Kazanina and Tavano argue that delta-band oscillations cannot be involved in multi-word or multi-morpheme chunking during language comprehension because the timing of syntactic structure is too variable (Kazanina, N. & Tavano, A. What neural oscillations can and cannot do for syntactic structure building. Nat. Rev. Neurosci. 24, 113–128 (2023))1. According to the authors, comprehension requires the formation of hierarchically organized non-adjacent dependencies between words or morphemes that arrive at variable points in time. Temporally regular chunking would break dependencies and disable the comprehension of compositional meaning.

However, this verdict relies on a popular premise that should not be taken as ground truth. The authors assume that syntactic representations in the mind conform to one particular linguistic theory — hierarchical phrase structure/transformational grammar2: words and morphemes combine with other words and morphemes into phrases that hierarchically combine into larger phrases, and so on. If that is the ground truth, syntax would indeed be too variable in time for an oscillatory brain substrate to have a role in this process.

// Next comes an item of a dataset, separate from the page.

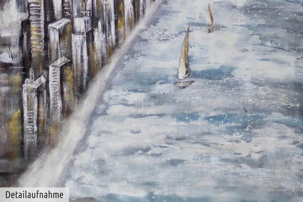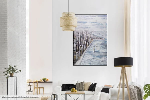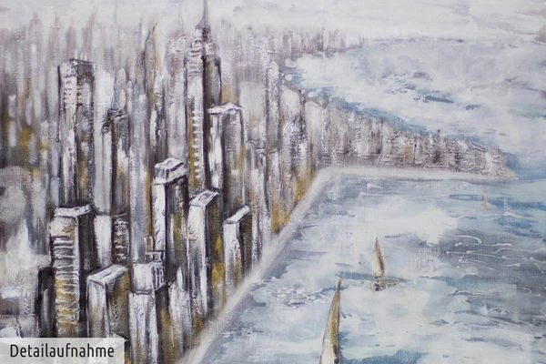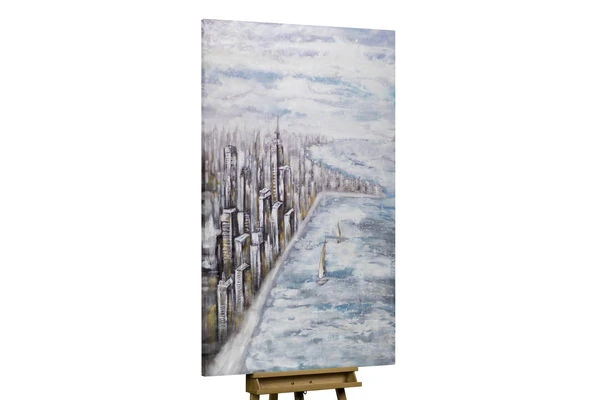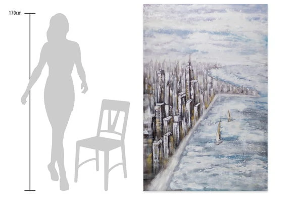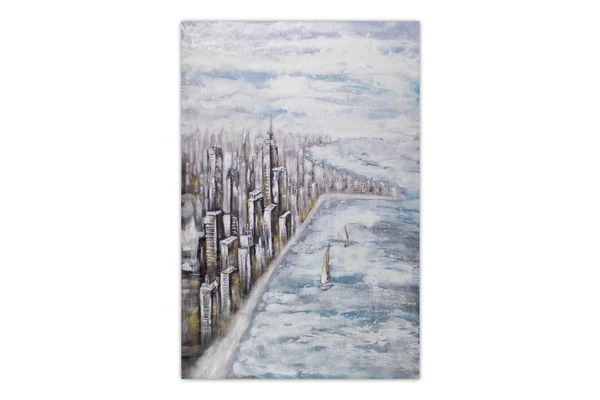 L’artiste Sony Lim vous emmène dans un vol panoramique au-dessus d’une ville balnéaire dans sa peinture à l’huile grand format ‘Coastlined’ en gris palpable. Alors que la vie ne s’arrête jamais dans les gratte-ciel, les voiliers sur l’eau cherchent la paix. Ce contraste peint à la main est le symbole des deux côtés de la modernité urbaine.

Yet, decades of theoretical debate have not been able to decide whether syntax in the mind is hierarchical2,3. The neuroscientific application of hierarchical theories has been extremely fruitful, and has shaped our understanding of the neuroanatomical organization of syntax4. Nevertheless, not all theories of syntax, sentence processing and language acquisition assume hierarchy. For instance, construction grammar represents sentences as linear concatenations of idiom-like multi-word or multi-morpheme snippets2. There is also dependency grammar, in which the representation is essentially a non-hierarchical list of all links among the words and morphemes of a sentence3.

The cognitive formation of hierarchical representations during real-time comprehension is not a given either. For instance, construction grammar captures item-based learning in language acquisition remarkably well5. Moreover, the processing model that corresponds to dependency grammar conceptualizes dependency processing as a set of memory operations that link words and morphemes together and is insensitive to linear order — let alone hierarchy6. Remarkably, behavioural evidence even suggests that the hard cases (that is, sentences that would require the build-up of hierarchical structure, such as ambiguities, passives and embeddings) mostly yield false interpretations — note that the average college student struggles with the sentences that are at the heart of the hierarchy dogma7,8.

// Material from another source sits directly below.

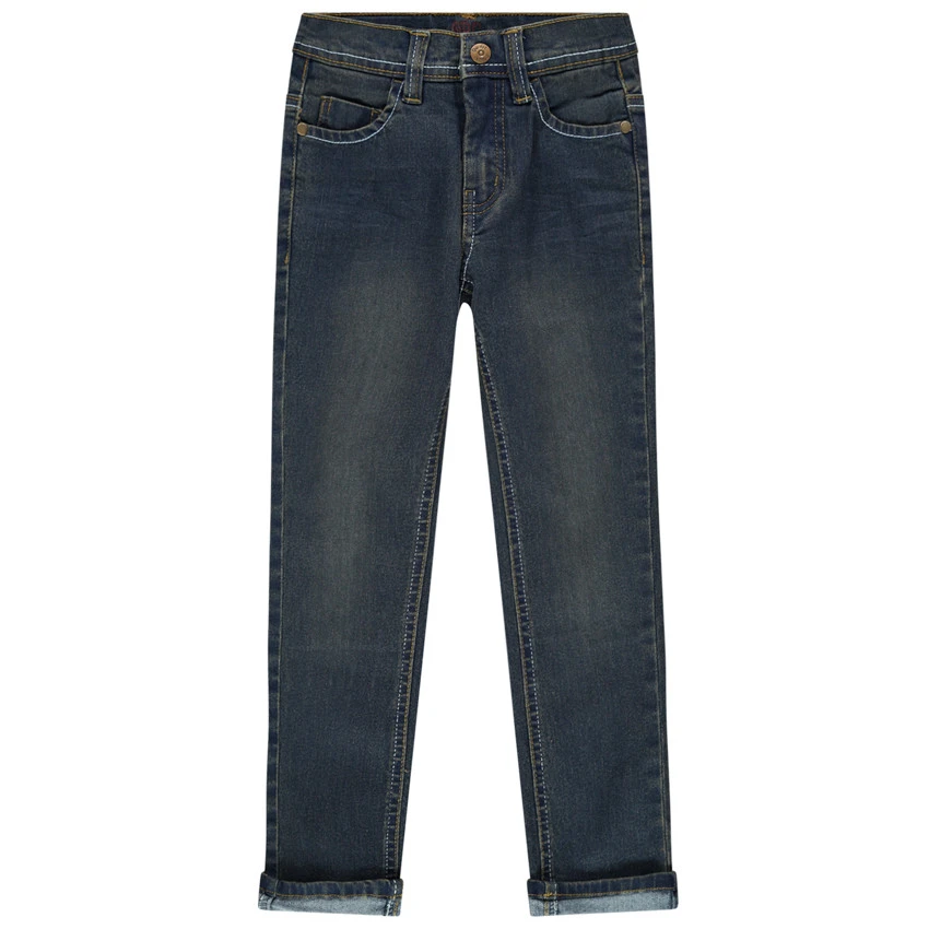 Jean effet délavé coupe slim. Taille ajustable de l’intérieur par élastique et boutons pour l’adapter au mieux à la morphologie. Ceinture à passants avec bouton et braguette zippée. 2 poches cavalières et 1 poche ticket. 2 poches plaquées au dos. Surpiqûres contrastées.
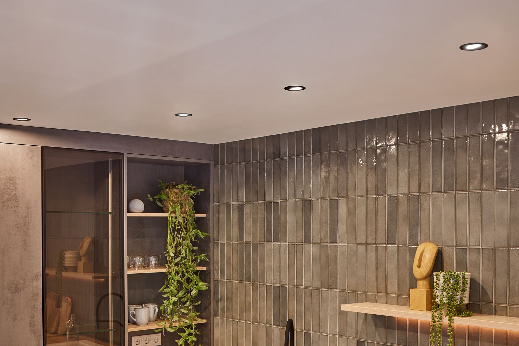 Les spots encastrés Nova ronds (kit de 3) en Noir mat avec LED-Coin remplaçable conviennent aussi bien à l'équipement de nouvelles installations qu'au remplacement d'équipements existants. De forme particulièrement plate, ils s'intègrent dans les plafonds disposant d'un espace creux de 30 mm seulement. Grâce à un raccordement par clips de fixation rapides, les luminaires individuels sont simples et rapides à monter. Les spots garantissent à la fois une lumière de travail blanc chaud et une atmosphère bien-être. Grâce à leur capacité de pivotement, les spots peuvent être orientés individuellement.

But let us assume that hierarchical syntax is a ground truth and that the delta band is useless for its formation. We should still not ditch the oscillations-for-chunking hypothesis just yet. The reason is the unknown interface between perception and syntactic structure building. On the one hand, it is safe to think that syntactic structure is built incrementally. On the other, there is firm evidence that, to avoid memory loss, our brain samples speech as discrete second-long segments (termed implicit prosodic phrases9 or chunks10, among others). We do not know how this bottleneck interfaces with structure formation, but it has been argued that syntactic dependencies are indeed confined by the boundaries of chunks9, such that chunk-wise sampling would ensure that compositional meaning can be understood. It also remains to be tested whether such protosyntactic chunks are sufficiently regular in time for a regular mechanism such as neural oscillations.

We suggest that alternative linguistic theories of syntactic representation, well-established processing models of sentence processing, and current knowledge of perceptual sampling should be better acknowledged before ditching the hypothesis of a link between syntax and delta-band oscillations based on one particular linguistic theory.